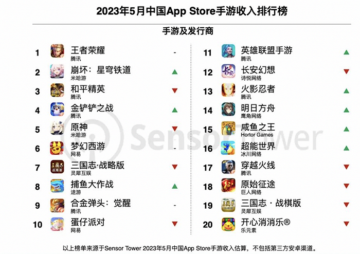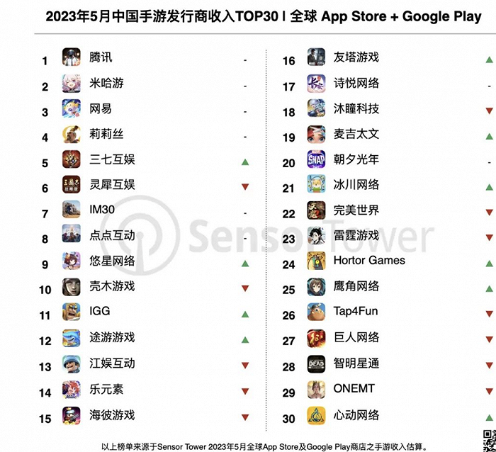 5月中國手游發(fā)行商全球收入榜發(fā)布,騰訊米哈游網(wǎng)易位列前三
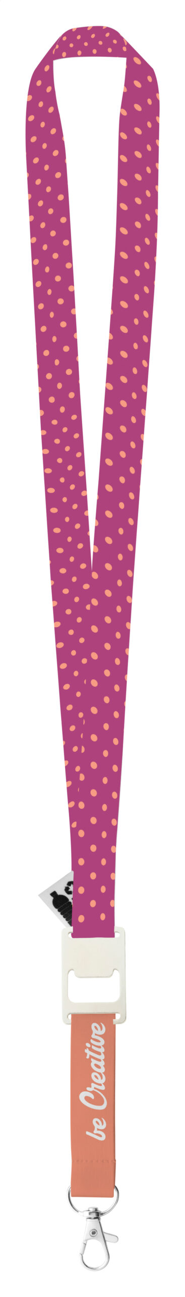 Custom made, RPET lanyard with metal carabiner and bottle opener. With sublimation printed graphics on both sides. MOQ: 100 pcs.
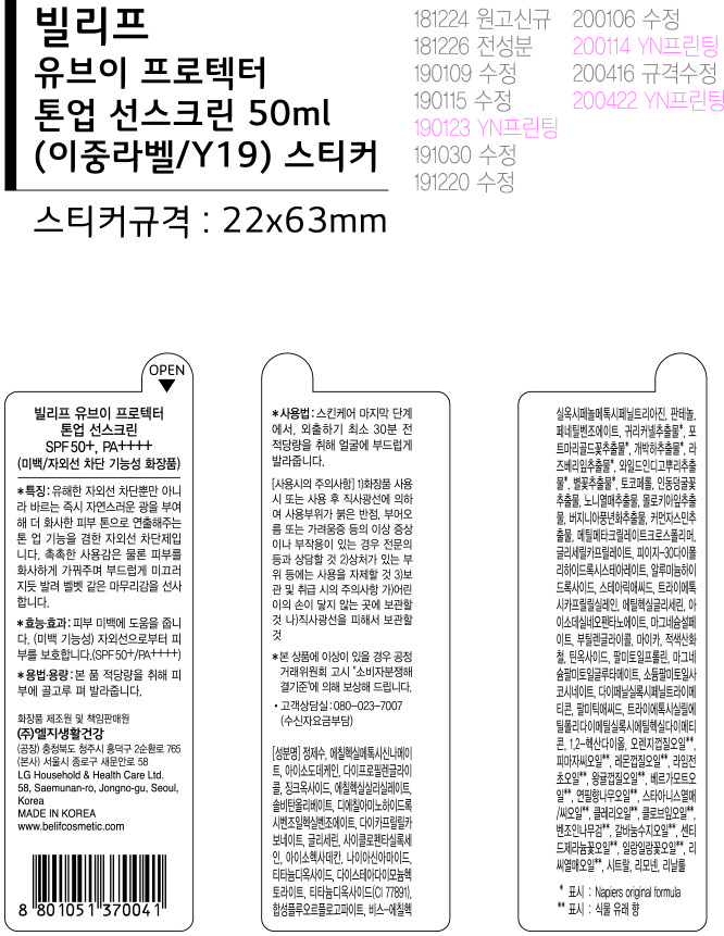 빌리프 UV 프로텍터 톤업 선스크린 SPF50+ PA++++, 50ml, 1개 요약정보 및 구매
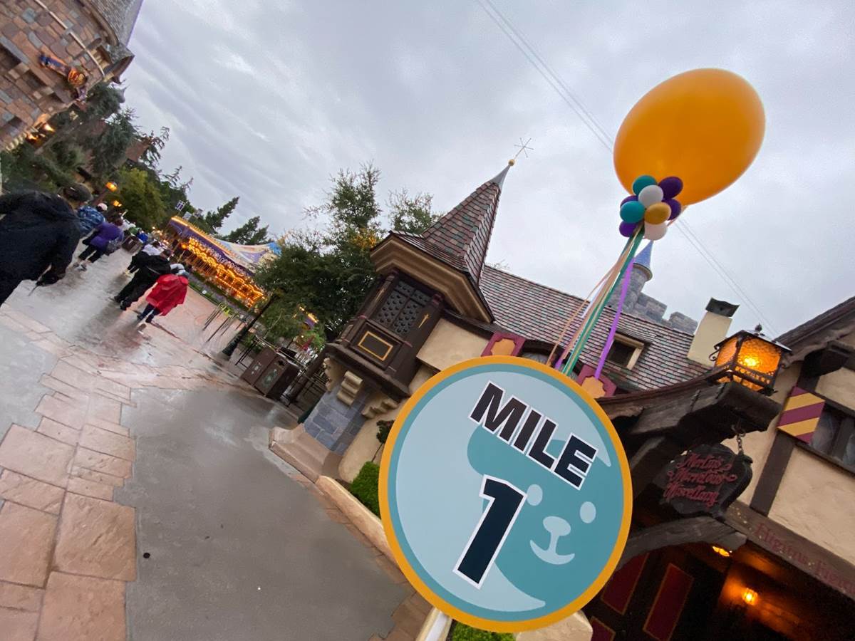 Next we traveled through Frontierland, Fantasyland, and Tomorrowland, where we were greeted by characters from The Princess and the Frog, Mary Poppins, Alice in Wonderland, and Star Wars– namely Darth Vader and a couple of menacing Imperial stormtroopers. During this leg of the journey we also passed the first mile marker.

What you have to do
Once the pictures are set aside, give every line above again without alteration.

Task solution
 5月中國手游發(fā)行商全球收入榜發(fā)布,騰訊米哈游網(wǎng)易位列前三
 Custom made, RPET lanyard with metal carabiner and bottle opener. With sublimation printed graphics on both sides. MOQ: 100 pcs.
 빌리프 UV 프로텍터 톤업 선스크린 SPF50+ PA++++, 50ml, 1개 요약정보 및 구매
 Next we traveled through Frontierland, Fantasyland, and Tomorrowland, where we were greeted by characters from The Princess and the Frog, Mary Poppins, Alice in Wonderland, and Star Wars– namely Darth Vader and a couple of menacing Imperial stormtroopers. During this leg of the journey we also passed the first mile marker.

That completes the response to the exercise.